Tom’s eyes were already on the miniature club sandwiches emerging from the kitchen. As family, Tom considered himself exempt from any dress code and had complained earlier to Clara that it was a Friday evening when those who really needed to work for a living could scarcely be expected to find time to change. His jeans and denim jacket were his trademark work clothes, an outfit he liked to believe rendered him less official, more approachable, to the poor and dispossessed of the South London housing estate to which he was assigned as the full-time social worker.
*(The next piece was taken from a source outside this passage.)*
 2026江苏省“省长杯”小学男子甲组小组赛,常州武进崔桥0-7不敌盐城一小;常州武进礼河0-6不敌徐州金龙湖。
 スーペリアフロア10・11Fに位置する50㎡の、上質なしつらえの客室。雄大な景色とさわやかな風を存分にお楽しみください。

In the hallway Victoria made out the Boltons from next door and noted, without surprise, that they were empty-handed. Major Bolton was a stalwart of the Wimbledon branch of the Heritage in Architecture Association and had made a perfect nuisance of himself during the renovations with a stream of helpful suggestions as to period details. This had been all the more annoying because his own decaying house, stuffed with dowdy furniture and mouldy chintz, was all but held together with linoleum and purple-painted Anaglypta wallpaper. The Boltons had surged ahead and were now creating a bottle-neck at the drawing-room door, having stopped to gawp at the newly painted cornicing. Major Bolton was lecturing no one in particular: ‘Good show. Original nineteenth-century colour. Helped them track it down myself. Chap in Wales makes it, natural dyes…’
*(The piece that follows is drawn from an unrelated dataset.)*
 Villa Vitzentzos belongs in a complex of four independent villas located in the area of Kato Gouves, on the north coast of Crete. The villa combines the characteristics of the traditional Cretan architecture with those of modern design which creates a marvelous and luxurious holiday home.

It was all original – or, at least, authentic and sympathetically restored in keeping with the period. They had had plenty of time to plan the work, ten years to be precise, the time it had taken them to recover from buying the house in the first place, which had been a nightmare on account of the bridging loan they’d been forced to take out when their Clapham flat stuck on the market. But David had been determined. In the late eighties they had despaired of ever affording a house, so they were damned well going to get one in the crash of the early nineties. The building society had wanted a quick sale, and David would give them one. Six weeks from viewing to moving in, and crossed fingers that the repossessed owners hadn’t pushed sardines down the radiators and turned up the heating before their enforced departure. They hadn’t. As Victoria subsequently found out from Mrs Bolton they had been a rather nice couple. He was a City trader; she stayed in touch with them and was really quite upset when the wife wrote six months later to say they were getting divorced.

Victoria could only imagine that he had once been paid stinking bonuses: she and David had moved into a scuffed version of a Las Vegas hotel suite, all spotlights and silk-effect wallpaper and marks on the carpet where white leather sofas had stood. The en-suite bathroom was floor-to-ceiling black marble, apart from one wall of smoked mirror and the bath itself, which was actually a Jacuzzi. The carpet was white and so deep you needed a special plastic rake thing to comb it out properly. It was all very modern, apart from the kitchen in hand-carved rustic oak. And it had been fun to live in with all sorts of gadgets to play with, like electric curtains and a TV console built into the headboard and sunken blue lights along the garden path.

David had tired of it first. After a couple of years, he had started getting the big cases and big money, and invitations to the houses of judges and QCs. Houses that shared a certain classic English style. He would return home discontented and frustrated and, if the house they had visited was particularly grand, ashamed. He no longer laughed when the doorbell played ‘Careless Whisper’. He wanted a house like the others had, with all the vocabulary that went with it. Sofas and pantries and lavatories and cellars and sash windows. Especially the sash windows. Oh, and he wanted a country house, too.

David wanted a country house as only a boy born in a council house could.